[2011] 4 F.C.R. D-9
Citizenship and Immigration
Exclusion and Removal
Removal of Visitors
Judicial review of decision by pre-removal risk assessment officer refusing applicant’s application for permanent residence within Canada based on humanitarian and compassionate (H&C) grounds—Applicant, citizen of Australia, fleeing to Canada from violent, abusive former husband involved in drug trafficking ring—Applicant’s spouse disabled, children having special needs—Officer finding that applicant not adducing sufficient evidence to demonstrate that personal circumstances such that hardships of not being granted exemption unusual, undeserved or disproportionate, not anticipated by legislation—Whether officer applying wrong test in assessing (1) risk as part of H&C analysis, (2) best interests of children—Officer committing legal error by assuming that applicant having to establish that impact on children of applicant’s removal amounting to usual, undeserved, or disproportionate hardship—Correct approach to assessing or weighing best interests of children in context herein set out in Baker v.
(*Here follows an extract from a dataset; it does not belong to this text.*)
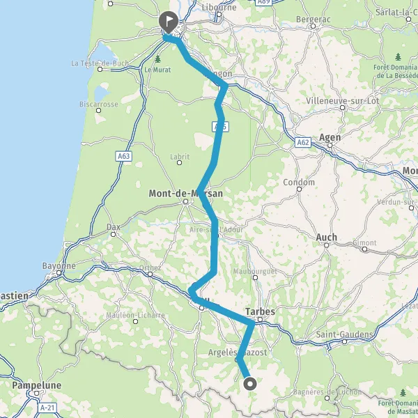 Prendre à droite et rejoindre A65. Continuer sur 150 kilomètres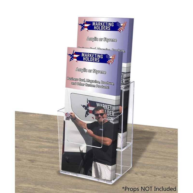 - 2 pocket tiered counter or hanging display stand for trifold brochures, pamphlets, takeout menus and flyers. Proudly made with premium high quality materials Marketing Holders multi pocket literature holder provides a simple yet effective tabletop or hanging display for pamphlets, brochures, rack cards and flyers. Use these holders to inform your customers or clients about hours of operation, today's specials or general informational notices.

Canada (Minister of Citizenship and Immigration), [1999] 2 S.C.R. 817, Hawthorne v. Canada (Minister of Citizenship and Immigration), 2002 FCA 475, [2003] 2 F.C. 555—Officer neglecting to take into account applicant’s unusual situation given determination of former husband to harm applicant notwithstanding best efforts of state protection—Officer not addressing in realistic or reasonable way problems awaiting applicant in Australia, impact on best interests of children—Also not addressing impact of disabled spouse’s ability to care for children—Officer’s decision at best minimizing best interests of children within meaning of Baker, at worst failing to address impact on children of living in Australia with applicant in greater proximity to former husband—Application allowed.
Pearson v. Canada (Citizenship and Immigration) (IMM-7721-10, 2011 FC 981, Russell J., judgment dated August 9, 2011, 19 pp.)